五百木竹四郎(いおき・たけしろう)の生涯

ドラマ・原作小説「天皇の料理番」の主人公となる秋山徳蔵の生涯をあらすじとネタバレで描く「天皇の料理番・秋山徳蔵のあらすじとネタバレ」の登場人物の実在モデル編「五百木竹四郎(いおき・たけしろう)の生涯」です。

■五百木竹四郎の生涯
五百木竹四郎(いおき・たけしろう)は明治20年に愛媛県北宇和郡裡町(現宇和島市裡町)で生まれた。父親は魚の行商人で、五百木竹四郎は4男であった。

五百木竹四郎が10歳の時に父親が死に、残された家族は非常に貧しい生活を続け、五百木竹四郎も14歳の時から行商を始めて家計を助けた。

さて、五百木竹四郎には五百木熊吉という兄が居た。兄の五百木熊吉は、詳しい経緯は不明ながら、横浜で人力車を引く仕事(人力車夫)をしていた。

人力車の客は外国人が中心で、兄の五百木熊吉は真面目な性格だったため、外国人に気に入られた。特に外国人の夫人に気に入られ、送り迎えの先々でお菓子やケーキを貰うようになり、西洋料理に興味を持った。

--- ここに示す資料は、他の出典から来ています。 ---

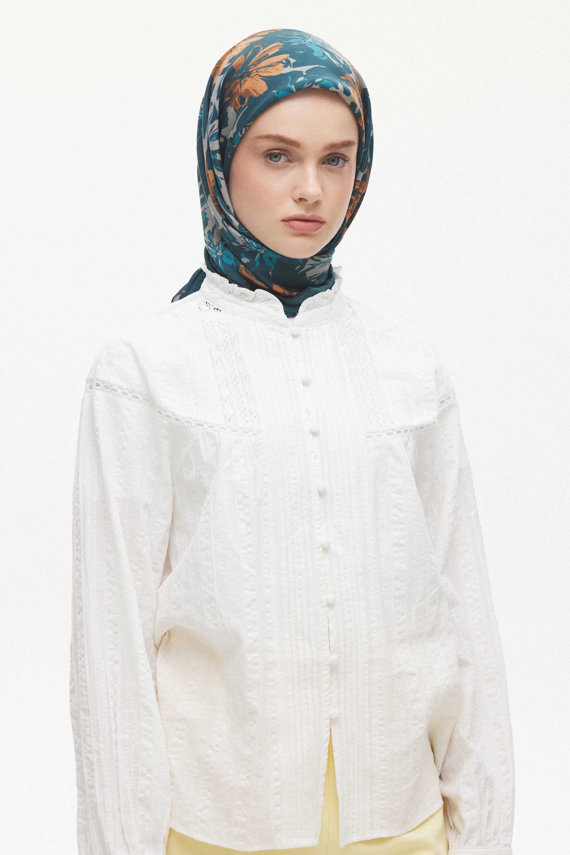 Velune Eşarp – Florea Nuit Desen, stilini detaylarla ifade eden ve seçkin bir duruş arayan kadınlar için tasarlanmıştır. Hafifliği, akışkan yapısı ve özgün desen diliyle Emproyal’in premium tasarım anlayışını yansıtır.
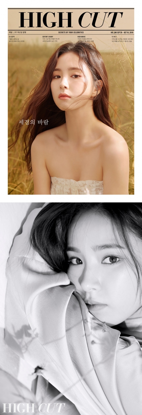 신세경은 26일 발행하는 스타 스타일 매거진 '하이컷'을 통해 맑고 투명한 아름다움을 드러냈다. 황금빛 들판에 불어오는 바람에 신세경의 머리카락이 흩날리는 모습은 천상계의 문이 열린 듯 신비로웠다.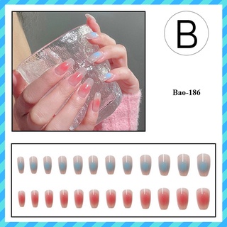 móng tay giả form vừa màu xanh,hồng hoạt tiết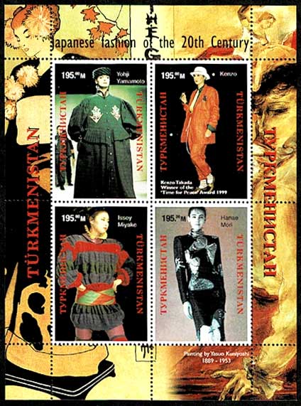 20世紀の日本のファッションデザイナー 切手小型シート トルクメニスタン発行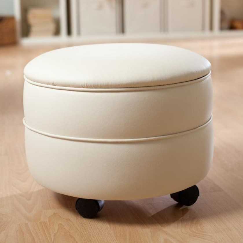 Этот вариант подойдёт скорее тем, кто не боится работы с молотком и гвоздями. Для изготовления пуфика вам понадобятся: ДСП (прямоугольный кусок размерами 40 см на 30 см в количестве 4 шт.), круг из того же ДСП (диаметром 30 см), бруски деревянные 4,8 см (4 шт.), специальные мебельные колёса с крепежами для них, специальный клей для дерева, уголки металлические, саморезы, ткань и поролон для обивки пуфика.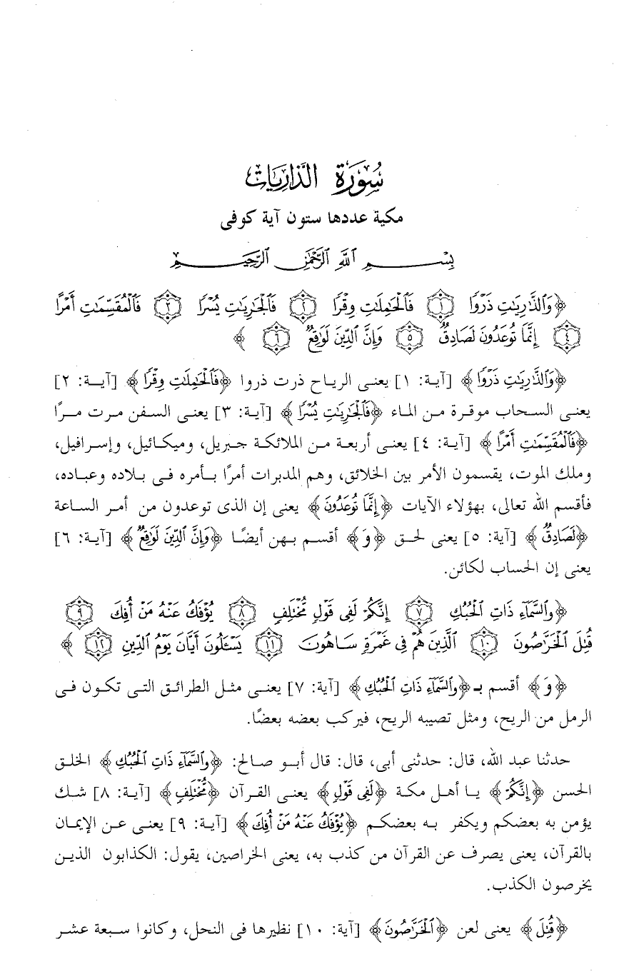تفسير سورة الذاريات من الآية ( 1 ) إلى الآية ( 6 ) .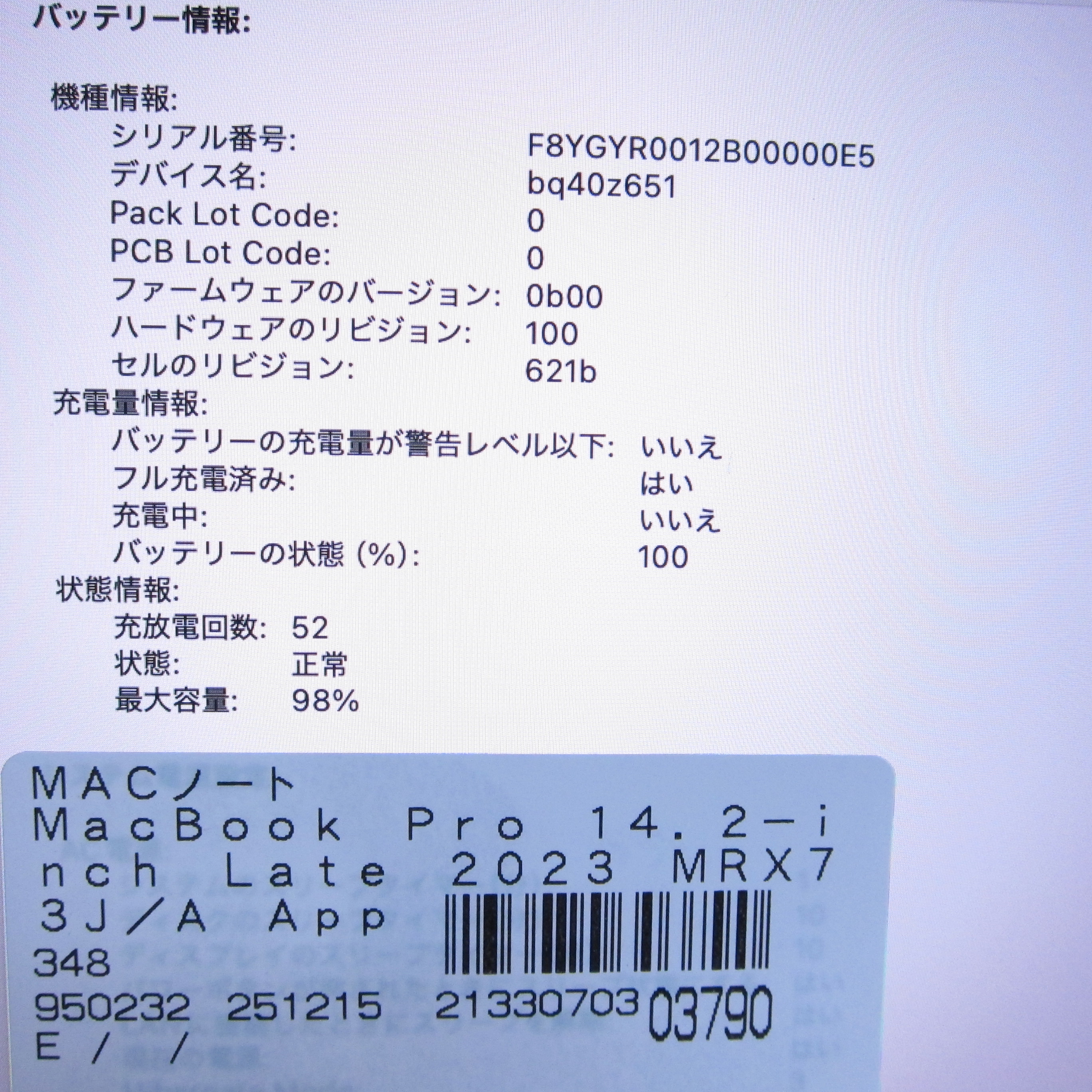 このMacBook Proは、MagSafe充電ポート、3つのThunderbolt 4ポート、SDXCカードスロット、HDMIポート、ヘッドフォンジャックを搭載しています。Wi-Fi 6E※4とBluetooth 5.3による高速ワイヤレス接続に対応。M3 Proモデルは最大2台の外部ディスプレイを接続することもできます。

兄の五百木熊吉は人力車で外国人を乗せていた関係で、片言の外国語を覚えており、仲良く成ったフランス人から西洋料理を教えてもらい、人力車を辞めて料理人へと転職した。

そして、兄の五百木熊吉は人力車時代に覚えた片言のフランス語が料理の修業で役立ち、西洋料理業界で頭角を現した。

一方、弟の五百木竹四郎は、兄・五百木熊吉の影響で、16歳の時に横浜へ出て西洋料理の修業を開始する。

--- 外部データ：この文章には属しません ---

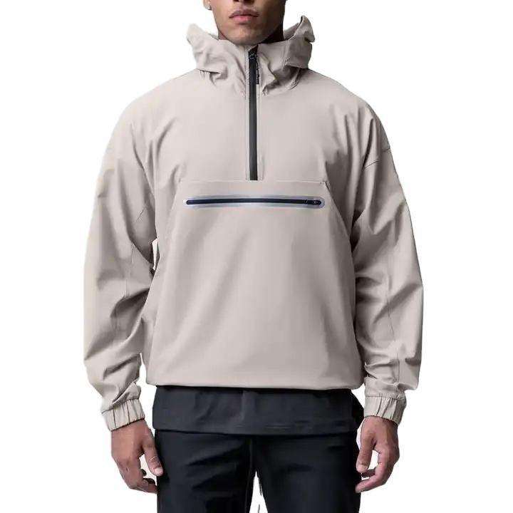 เสื้อฮู้ดกันลมกันน้ำสไตล์ลำลองสำหรับฤดูใบไม้ร่วง เสื้อผ้าผู้ชายทรงโอเวอร์ไซส์ เสื้อแจ็คเก็ตสปอร์ตสำหรับผู้ชาย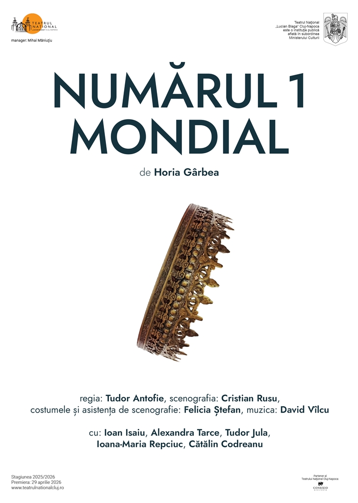 Teatrul Național „Lucian Blaga” din Cluj-Napoca, prezintă, la Studioul Euphorion, premiera Numărul 1 mondial de Horia Gârbea, în regia lui Tudor Antofie, un spectacol care oglindește realitatea distorsionată a celor ce conduc lumea, adesea inconștienți de existența propriilor limite.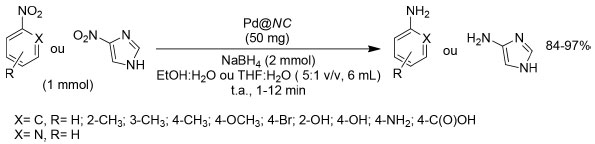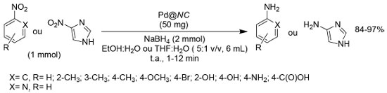 Já em 2019, Chowhan et al.13 relataram a reação de redução de compostos nitro aromáticos empregando boroidreto de sódio (NaBH4) na ausência de base e utilizando Pd@NC, catalisador baseado em partículas ultrafinas de paládio contendo estrutura de carbono dopado com nitrogênio. Essa reação ocorreu em temperatura ambiente, com mistura de EtOH:H2O (5:1 v/v) ou THF:H2O (5:1 v/v) como solvente (Esquema 3). Essa metodologia é seletiva, e as aminas foram obtidas em excelentes rendimentos, entre 84-97%. Além dessas vantagens, o catalisador empregado é estável, facilmente separado por filtração e reutilizado por até seis ciclos de reação.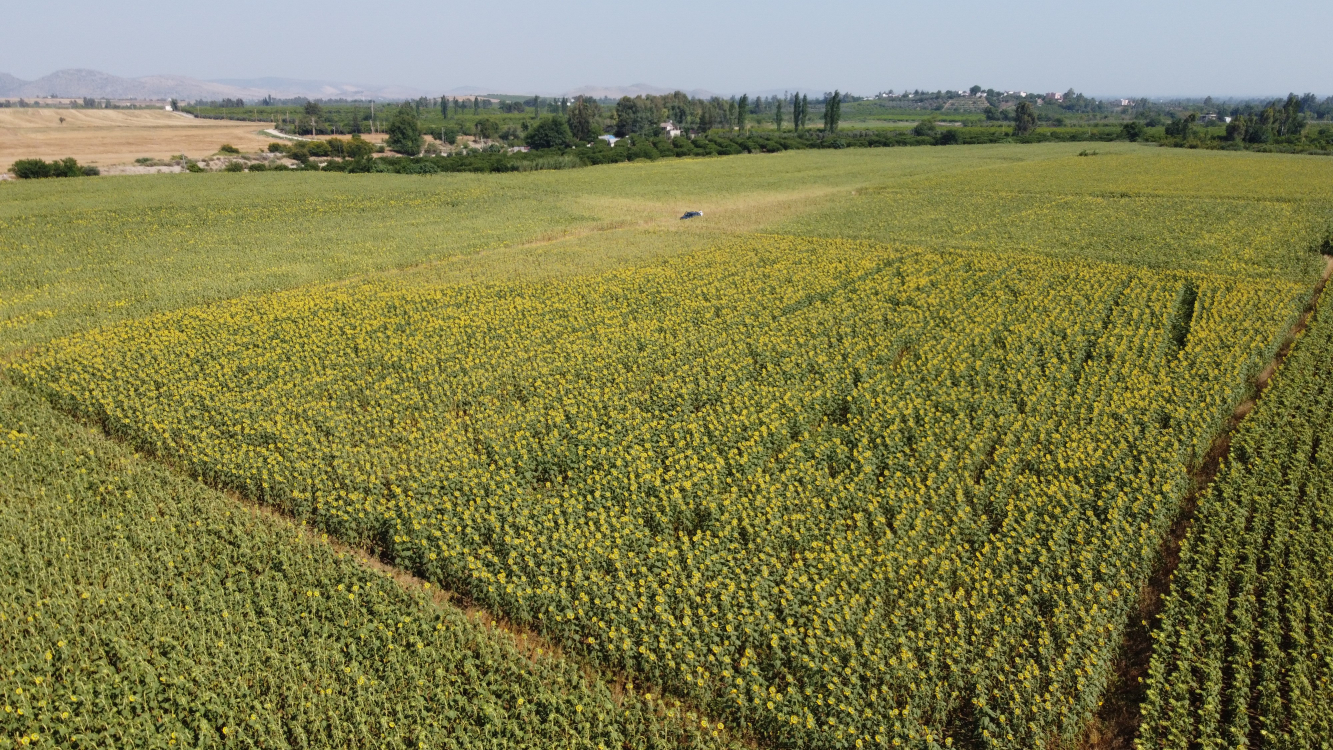 Tam olgunluğa ulaşamadan kuruma başlayan ayçiçek tarlalarındaki yarıklar kuralığı kuraklığı gözler önüne serdi. Aşırı sıcaklıkların etkili olduğu bölgede ayçiçek tarlalarındaki kuraklık manzarası havadan da görüntülendi.

やがて、弟の五百木竹四郎も料理人として頭角を現し、五百木兄弟は西洋料理でその名を知らない者は居ないほどの名人になった。

後に「天皇の料理番」となる秋山徳蔵が華族会館で働いていたとき、五百木竹四郎はイギリス公使館で料理長をやっていた。秋山徳蔵は五百木竹四郎を尊敬しており、華族会館で働きながらも五百木竹四郎の元に通い、西洋料理を学んでいる。

その後、五百木竹四郎は明治40年に東京・築地にある精養軒(築地精養軒)に就職し、東京ステーションホテルに出店した精養軒の支配人を経て、35歳で精養軒の社長となり、経営方面で尽力することになるが、料理の技術は現場の料理長以上だったという。

築地精養軒の最盛期を築いた第5代料理長・鈴木敏雄は、五百木竹四郎を「料理の面でも五百木竹四郎が必要だった」と高く評価している。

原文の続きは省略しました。